약물유전체학

Extracting CYP2C19 Star Alleles from 23andMe — Plavix (Clopidogrel) Response Prediction in Python

Python tutorial: parse 23andMe raw data for CYP2C19 *2, *3, and *17 variants, predict your clopidogrel (Plavix) response phenotype, and understand why ~20% of Koreans get suboptimal antiplatelet protection on standard dosing. Includes the SNP-to-star-allele lookup, phenotype interpretation, and where DTC data falls short.

·10 min read
#CYP2C19#23andMe#clopidogrel#Plavix#약물유전체학#PGx#DTC genetic testing#Python tutorial#*2 *3 *17#antiplatelet#PCI#stent

CYP2C19 Plavix pharmacogenomics

The Stent + Plavix Population That Should Care

Roughly 100,000 Koreans receive a coronary stent (PCI) every year. Almost all leave the hospital on dual antiplatelet therapy: aspirin + clopidogrel (Plavix). The two drugs reduce in-stent thrombosis risk by ~80%.
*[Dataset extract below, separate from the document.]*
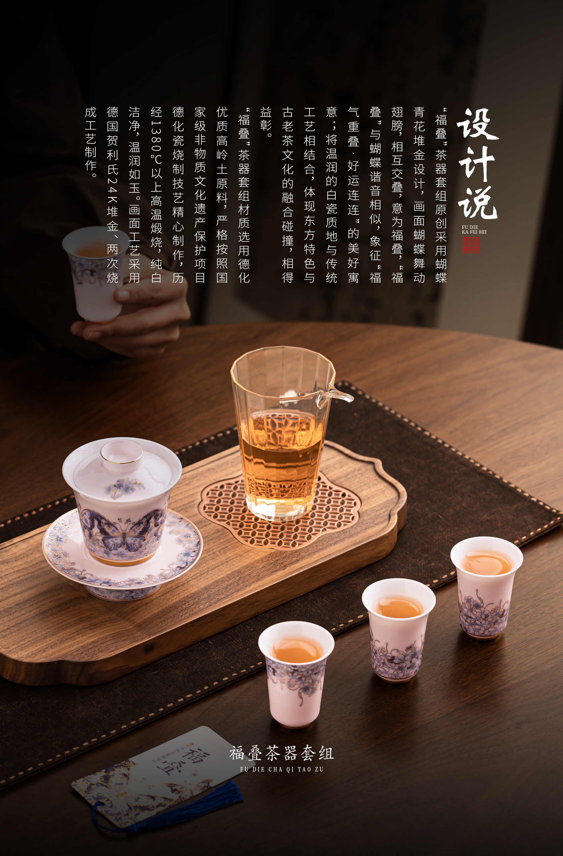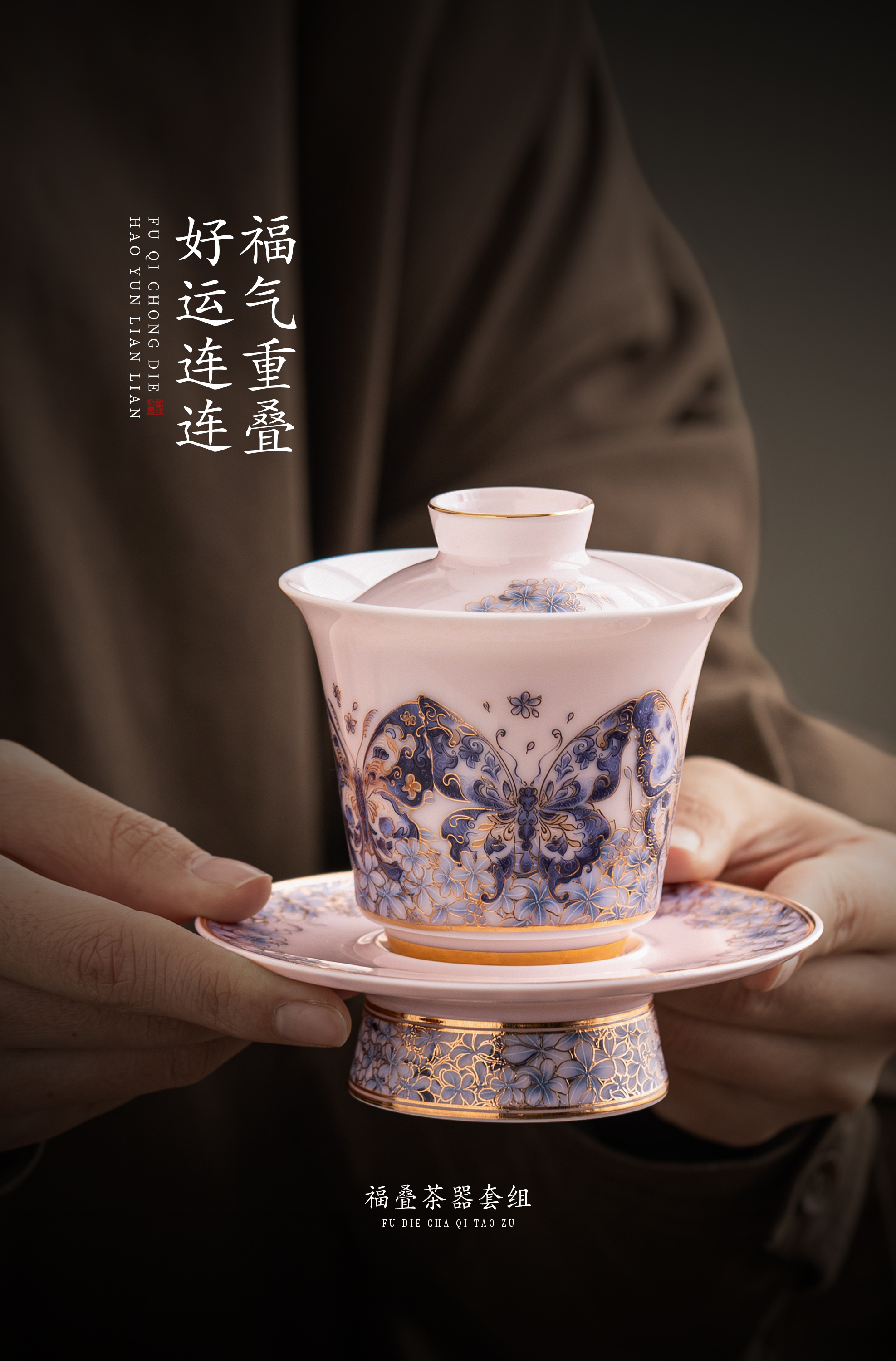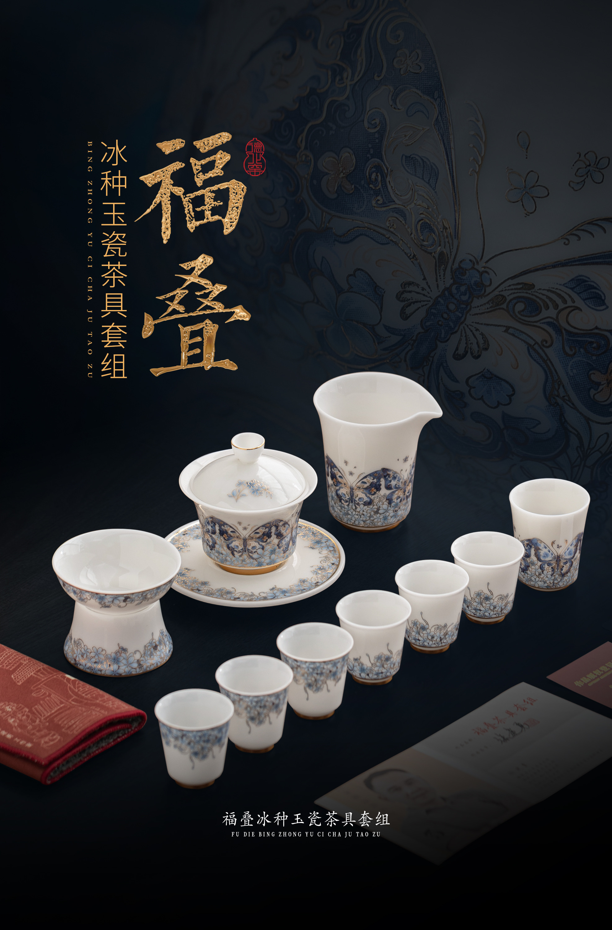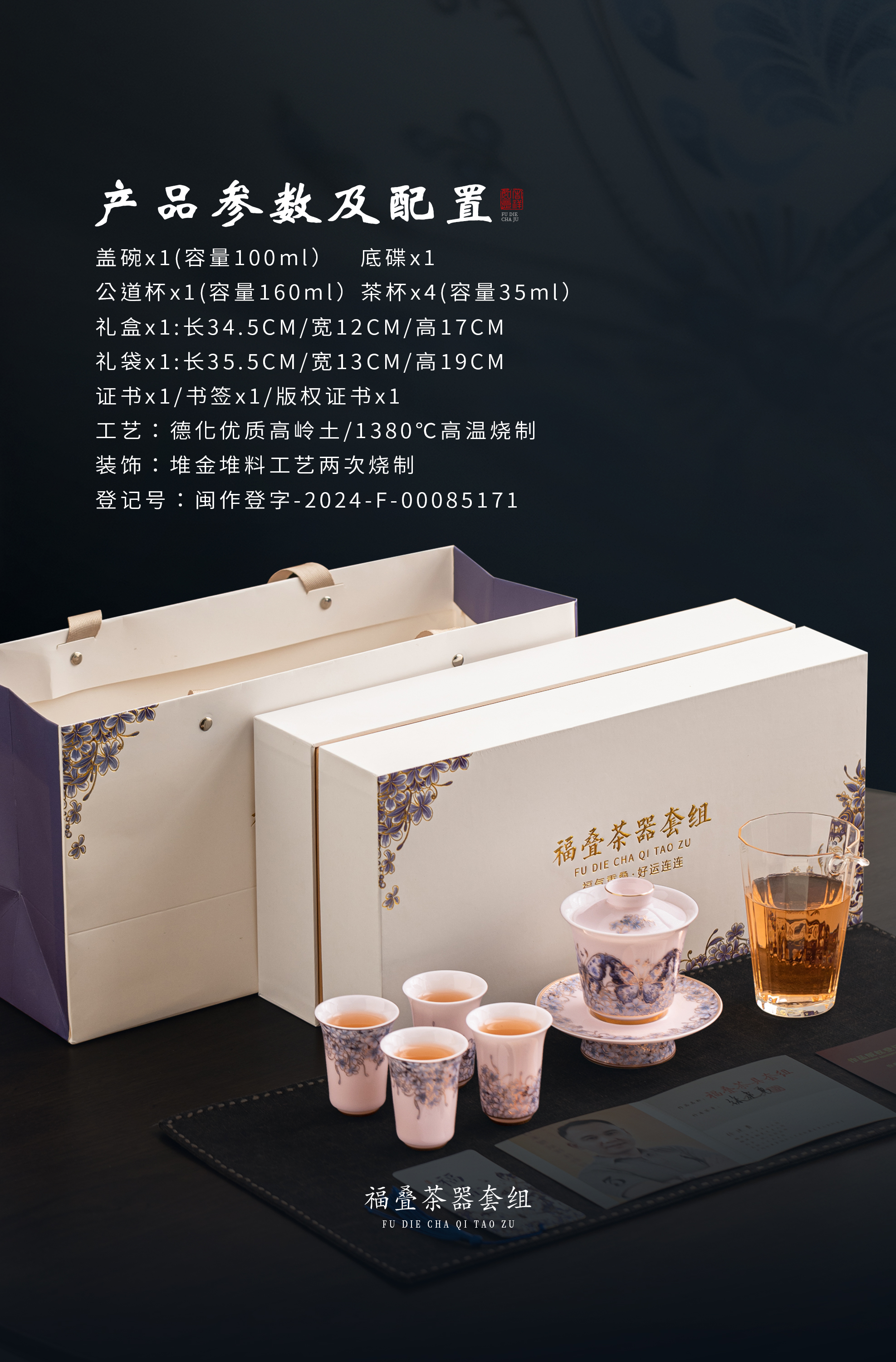【福气重叠 好运连连】福叠·茶器套组/冰种玉瓷茶具套组,徐建勇大师签章 品质保证,凝脂似玉 细腻莹润,堆金工艺 触感立体,精美包装 gao端豪礼

Except — about 15-20% of Koreans are CYP2C19 poor metabolizers and clopidogrel doesn't work properly for them. The drug is a prodrug; it has to be activated by the CYP2C19 enzyme into its active metabolite. If your CYP2C19 is impaired, you get suboptimal antiplatelet effect even on the standard 75 mg/day, and your in-stent thrombosis risk rises 1.5-2× vs normal metabolizers.

This matters because:

  • A simple genetic test would catch this risk
  • Alternative antiplatelets exist (prasugrel, ticagrelor) that don't require CYP2C19 activation
  • Most Korean PCI patients never get tested

This tutorial shows how to extract the CYP2C19 information from a 23andMe raw data file. It's the practical sibling of Reading 23andMe Raw Data for CYP2D6 Star Alleles in Python but for CYP2C19 — the one that matters for Plavix.

CYP2C19 Quick Background

  • Gene location: chromosome 10q23.33
  • What it does: oxidative drug metabolism (CYP450 family)
  • Major substrates: clopidogrel, proton pump inhibitors (omeprazole, esomeprazole), some SSRIs (citalopram, escitalopram), some antidepressants and antifungals
  • Key alleles (PharmVar definitions):
AlleleFunctionDefining SNP (rsid)Variant base
*1Normal(reference)
*2No functionrs4244285A (681G>A)
*3No functionrs4986893A (636G>A)
*17Increased functionrs12248560T (-806C>T)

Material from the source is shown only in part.